Bradley was appointed to head the Texas Forensic Science Commission by Gov. Rick Perry in 2001. Bradley was critical of efforts to examine questions raised about the arson "science" used to convict Cameron Todd Willingham. The fire Willingham was accused of deliberately starting in 1991 killed his three daughters. Willingham was executed in 2004. The investigation into the methodology used by the State Fire Marshal and Texas Forensic Science Commission to rationalize arson was initiated by the Innocence Project two years after Willingham's execution sparked a 2006 report authored by John Lentini, a fire scientist who has conducted over 2,000 fire scene inspections. Lentini reviewed the evidence which led to Willingham's conviction. In his report, he concluded that "...each and every one of the indicators [the fire marshal's investigators] relied on have since been scientifically proven to be invalid." In layman's language: there simply was no arson. The fire had an accidental origin. No crime had been committed.

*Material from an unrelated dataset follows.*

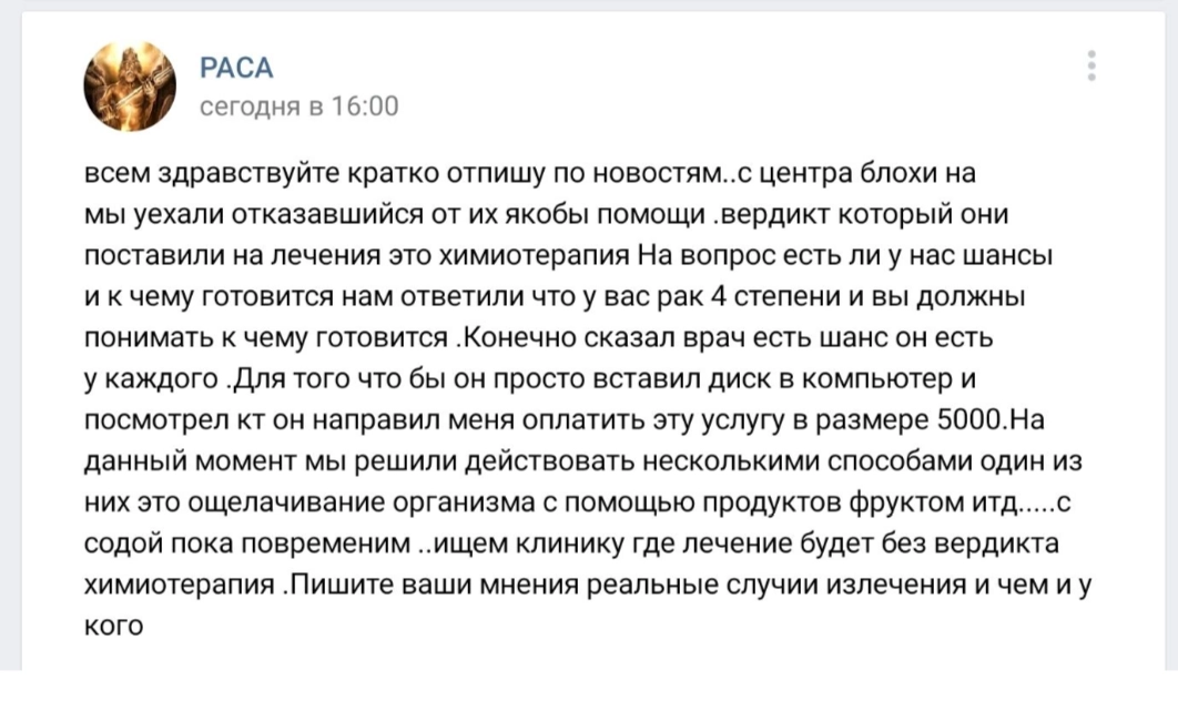 А вот контактов федеральных центров и клиник я не нашла. Впрочем, они бы и не пригодились. Родители ребенка твердо уверены, что химиотерапия — это смертельный яд, который ни в коем случае нельзя давать ребенку. Так что вместо госпитализации в профильное учреждение они продолжают советоваться с подписчиками своей группы и друзьями и искать контакты чудо-профессора, который с вероятностью 90% вылечит их ребенка.

In 2010, Fire Marshal Paul Maldonado rejected multiple fire science expert reports that concurred with Lentini's conclusions. Every report written by every fire expert agreed with Lentini's view. There was no arson. Again—it was not that someone else did it. The finding was that absolutely no crime had been committed by Willingham or anyone else. It was just a tragic house fire. Cameron Todd Willingham was convicted and executed for a crime that literally did not happen. And, once again, it was Gov. Rick Perry's cleanup person, John Bradley, trying to tidy up the embarrassing loose ends by doing his best to suppress an investigation designed to exonerate one more convicted, and executed, "killer." Executing an innocent man accused of committing a crime that did not happen does not look well on the resume of a governor seeking the Republican nomination for the presidency of the United States.